The benefits of taking cholesterol-lowering medications outweigh the increased risk some patients have of developing diabetes from using the drugs, a report out Thursday says.
Patients who were at higher risk for diabetes were 39% less likely to develop a cardiovascular illness on statins and 17% less likely to die. Patients who were not already at risk for diabetes and were taking statins had a 52% reduction in cardiovascular illness, and no increase in diabetes risk.
"When we focus only on the risk (of diabetes) we may be doing a disservice to our patients," says lead author Paul Ridker of Brigham and Women's Hospital in Boston. "As it turns out for this data, the hazard of being on a statin is limited almost entirely to those well on their way to getting diabetes."
Statins are proven to lower heart attacks and strokes, but after several studies showed that some people are at a slightly higher risk of developing diabetes when on statins (9.9%, compared with 6.4% for those not on statins), the Food and Drug Administration required statin makers in April to add warnings to labels saying they can raise blood sugar levels.
"We're concerned that many diabetics stopped taking statins because of those warnings," says Ridker, whose findings were in The Lancet. The analysis used the results from a study of 17,000 patients in 2008. Ridker was the principal investigator for that study, which lead many physicians to prescribe statins for preventive uses in people who don't have heart disease.
Some experts don't agree with the new findings and think that too many physicians prescribe statins anyway. About one in four Americans over age 45 takes a statin, according to the National Center for Health Statistics.
Prescribing statins to people who don't have heart disease "is still a big issue," says physician Eric Topol, director of the Scripps Translational Science Institute in San Diego. "Per 100 people, you have two heart attacks less and one increase in diabetes. They're trying to say it benefits more than it harms, but the benefit is so small."
Topol says the patients he sees aren't aware of the risks of statins. "The patient doesn't know this might make their protection for heart attack marginally better but it also could backfire by inducing diabetes," he says.
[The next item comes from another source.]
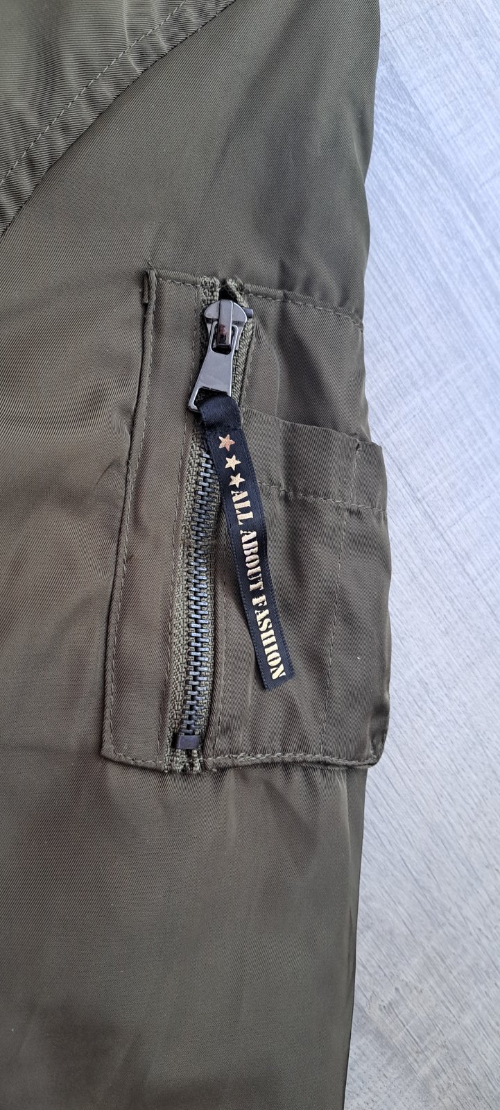 🔹 Jemné detaily: vrecko na rukáve so zipsom a štýlovým ťaháčikom "ALL ABOUT FASHION"

Many patients who become diabetic are often put on statins anyway, Ridker says, because heart disease is the No. 1 killer of diabetic people. Nearly 26 million Americans have diabetes, the American Diabetes Association says.
"The 'take home' for clinicians is to know what the risk factors are, but very often if you throw diabetes into the mix, it's cardiovascular disease that will kill them," says Larry Deeb, former president of medicine and science for the American Diabetes Association.
By no means, though, should everyone with diabetes be on statins, Deeb says -- unless they have other risk factors for heart disease. Even then, Topol says, the best prevention is exercise and diet.
"Many people can't tolerate statins," Topol says. "Diabetes alone is still not a commitment to life-long statin use."